Mean-periodic function

In mathematical analysis, the concept of a mean-periodic function is a generalization introduced in 1935 by Jean Delsarte^[1][2] of the concept of a periodic function. Further results were made by Laurent Schwartz and J-P Kahane.^[3][4]

Definition

Consider a continuous complex-valued function f of a real variable. The function f is periodic with period a precisely if for all real x, we have f(x) − f(x − a) = 0. This can be written as

${\displaystyle \int f(x-t)\,d\mu (t)=0\qquad \qquad (1)}$

where ${\displaystyle \mu }$ is the difference between the Dirac measures at 0 and a. The function f is mean-periodic if it satisfies the same equation (1), but where ${\displaystyle \mu }$ is some arbitrary nonzero measure with compact (hence bounded) support.

Equation (1) can be interpreted as a convolution, so that a mean-periodic function is a function f for which there exists a compactly supported (signed) Borel measure ${\displaystyle \mu }$ for which ${\displaystyle f*\mu =0}$.^[4]

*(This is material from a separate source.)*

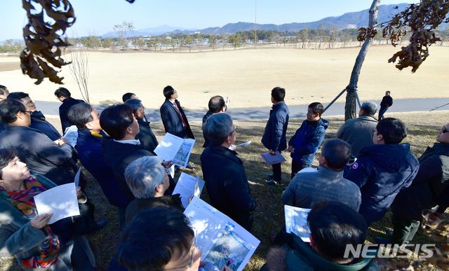 【나주=뉴시스】류형근 기자 = 한전공과대학(일명 켑코텍·Kepco Tech) 입지 선정 심사위원들이 24일 오후 전남 나주시 빛가람동 부영CC에서 전남도가 제출한 한전공대 후보지 현장 실사를 하고 있다. 2019.01.24.

There are several well-known equivalent definitions.^[2]

Relation to almost periodic functions

Mean-periodic functions are a separate generalization of periodic functions from the almost periodic functions. For instance, exponential functions are mean-periodic since exp(x+1) − e.exp(x) = 0, but they are not almost periodic as they are unbounded. Still, there is a theorem which states that any uniformly continuous bounded mean-periodic function is almost periodic (in the sense of Bohr). In the other direction, there exist almost periodic functions which are not mean-periodic.^[2]

Some basic properties

If f is a mean periodic function, then it is the limit of a certain sequence of exponential polynomials which are finite linear combinations of term t^^n exp(at) where n is any non-negative integer and a is any complex number; also Df is a mean periodic function (ie mean periodic) and if h is an exponential polynomial, then the pointwise product of f and h is mean periodic).

If f and g are mean periodic then f + g and the truncated convolution product of f and g is mean periodic. However, the pointwise product of f and g need not be mean periodic.

If L(D) is a linear differential operator with constant co-efficients, and L(D)f = g, then f is mean periodic if and only if g is mean periodic.

For linear differential difference equations such as Df(t) - af(t - b) = g where a is any complex number and b is a positive real number, then f is mean periodic if and only if g is mean periodic.^[5]

Applications

In work related to the Langlands correspondence, the mean-periodicity of certain (functions related to) zeta functions associated to an arithmetic scheme have been suggested to correspond to automorphicity of the related L-function.^[6] There is a certain class of mean-periodic functions arising from number theory.

See also

• 　almost periodic functions

References

1. Delsarte, Jean (1935). "Les fonctions moyenne-périodiques". Journal de Mathématiques Pures et Appliquées. 17: 403–453.
2. Kahane, J.-P. (1959). Lectures on Mean Periodic Functions (PDF). Tata Institute of Fundamental Research, Bombay.
3. Malgrange, Bernard (1954). "Fonctions moyenne-périodiques (d'après J.-P. Kahane)" (PDF). Séminaire Bourbaki (97): 425–437.
4. Schwartz, Laurent (1947). "Théorie générale des fonctions moyenne-périodiques" (PDF). Ann. of Math. 48 (2): 857–929. doi:10.2307/1969386. JSTOR 1969386.
5. Laird, P. G. (1972). "Some properties of mean periodic functions". Journal of the Australian Mathematical Society. 14 (4): 424–432. doi:10.1017/s1446788700011058. ISSN 0004-9735.
6. Fesenko, I.; Ricotta, G.; Suzuki, M. (2012). "Mean-periodicity and zeta functions". Annales de l'Institut Fourier. 62 (5): 1819–1887. arXiv:0803.2821. doi:10.5802/aif.2737.